Of the four species in Pronolagus, the Natal red rock hare is the most basal (closest to the base of the phylogenetic tree), followed by Jameson's red rock hare, Smith's red rock hare, and finally Hewitt's red rock hare. Studies in the 1990s discovered evidence of separate genetic lineages in P. rupestris, which led to the separation of P. saundersiae as a distinct species. These two species do not overlap in distribution, and can be distinguished by differences in skeletal morphology.

==Characteristics==
The red rock hares are of varying size, but are readily distinguished from other leporids in Southern Africa by their reddish-brown to dark brown colored tail and short (63–109 mm) ears. Their fur is grey near the head and reddish along the limbs. Some characteristics of animals in this genus include the lack of an interparietal bone in adults, a mesopterygoid space which is narrower than the minimal length of the hard palate, and the lack of a stripe along its jaw.

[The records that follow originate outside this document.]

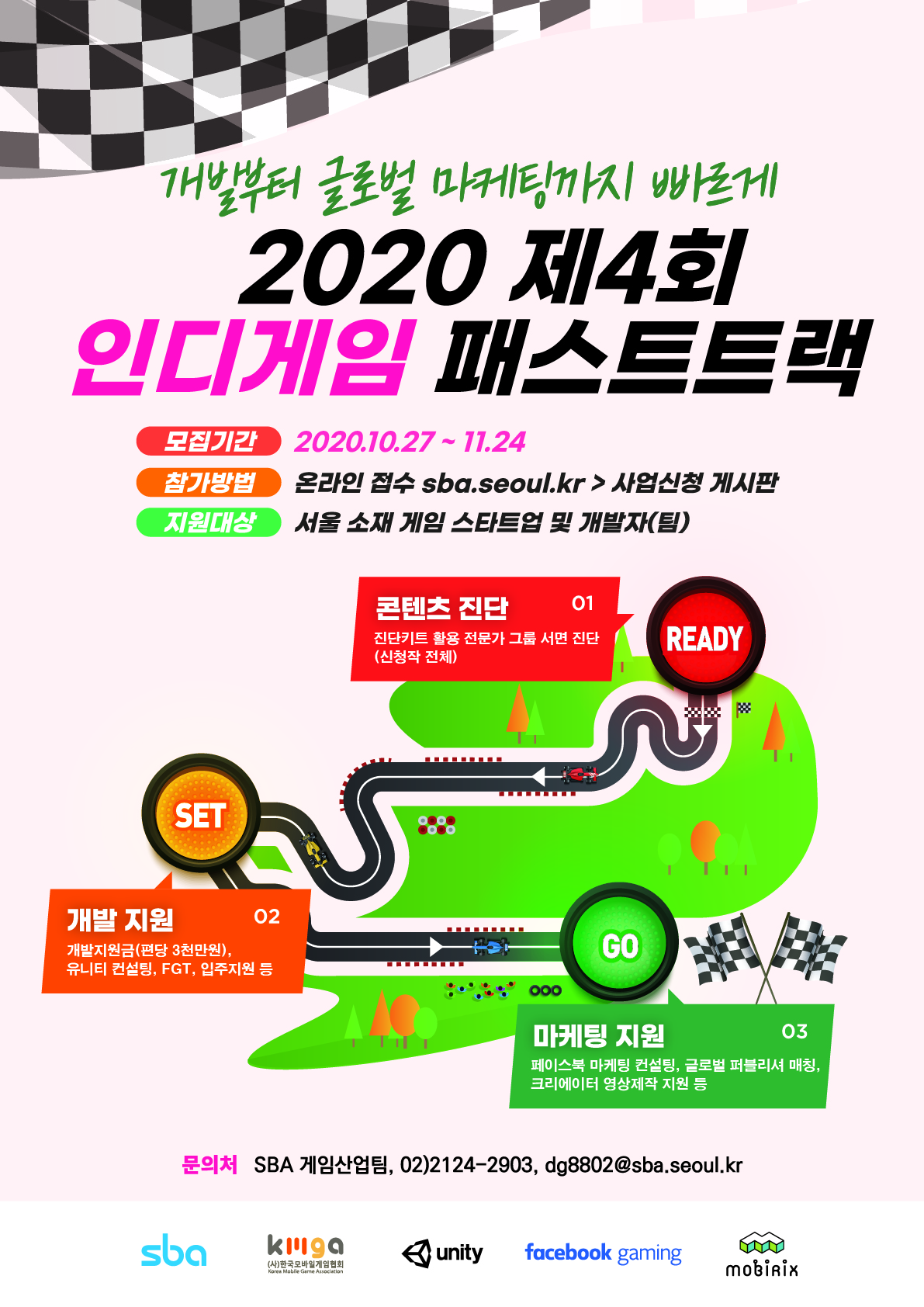 ... ‘인디게임패스트트랙’은게임개발부터글로벌마케팅까지빠르게지원하는종합성장지원체계로4회차를맞이하였다. 사업지원의내실을더욱강화하고사업체계를보완하여‘콘텐츠진단(READY)-개발지원(SET)-마케팅지원(GO)’3단계로구성하였으며,실질적인지원프로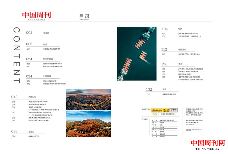 中国坚持对外开放,是向世界发出的最坚定的信号。本期《中国周刊》推出一组跨国公司的专题报道,聚焦国内主要城市总部经济,通过安策阀门、安德烈斯蒂尔、苏世博、欧亚瑟等跨国公司的本土化发展,管窥跨国公司在中国的成长轨迹,展现中国对外开放取得的巨大成就。中国特色社会主义进入新时代,对外开放也进入了新时代。站在新时代,中国推动更高水平开放的脚步不会停滞!中国推动建设开放型世界经济的脚步不会停滞!中国推动构建人类命运共同体的脚步不会停滞!疫情过后,一个新的全球化浪潮必将势不可挡。(文/李莉)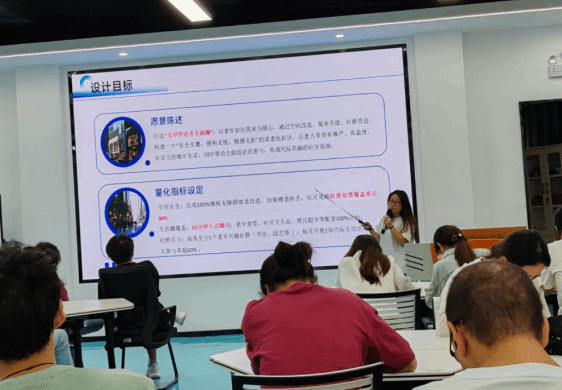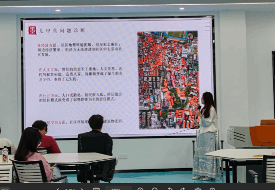 各小组依据任务书要求,在扎实的实地调研与问卷调查分析基础上,针对戈甲营0.15平方公里范围内的老旧街巷与建筑遗存,提出了多类型专业方案。内容涵盖建筑测绘与病害整治、消防疏散通道优化、历史建筑保护与展示利用、15分钟生活圈配套设施规划、道路与景观系统提升、基于街巷美学的戈甲营社区无障碍优化设计等方向。郝翠丽老师在汇报前特别强调,每组的展示时间须控制在15分钟以内,要求内容精简、重点突出,既要清晰表达设计理念,也要具体呈现可操作的实施方案。

==Distribution and habitat==
The varied and often disjunct distribution of the red rock hares has been attributed to the rocky habitat of the species within the genus, as they do not inhabit plains or forests. Red rock hares are found in rocky kopjes, hills and mountainsides where scrub and grass is available. They rarely venture far from this habitat.

== Behavior and ecology ==

Red rock hares are nocturnal, though Jameson's red rock hare has been observed sunning in the early morning. They are herbivorous and are particularly inclined to eating newly sprouted grasses that arise after a fire. Though red rock hares are generally solitary creatures, they have been observed in groups while grazing. Some species, such as Smith's red rock hare, produce sounds when distressed.

In regions where species are sympatric, as is the case in some parts of South Africa, individuals are separated by differing preferences in habitat altitude; Hewitt's red rock hare is generally found at higher altitudes with more rainfall than the other red rock hares, which prefer drier, lower locations.

Breeding seasons vary between species, and some populations of the Natal and Jameson's red rock hare appear to breed year-round. Pregnancies typically result in the production of 1 to 2 young per litter, which are born altricial. Nests are simple and are constructed at the base of shrubs in the rabbit's habitat.

=== Threats ===

The red rock hares are considered abundant throughout their ranges, but are threatened by habitat loss due to expanding commercial plantations. Predators of the red rock hares include carnivores, birds of prey and snakes, such as leopards, Verreaux's eagles, Cape eagle-owls, and pythons.

==Conservation==
Excepting Hewitt's red rock hare, the newest species to be classified as part of Pronolagus, the red rock hares are protected by seasonal hunting regulations that restrict the periods in which these hares can be hunted. There are protected areas and national parks that incidentally intersect with the distributions of each species in Pronolagus. Estimates place the adult population of each species over 10,000, and the International Union for Conservation of Nature (IUCN) considers all four species to be of least concern, but notes that the populations of both the Natal red rock hare and Jameson's red rock hare are decreasing.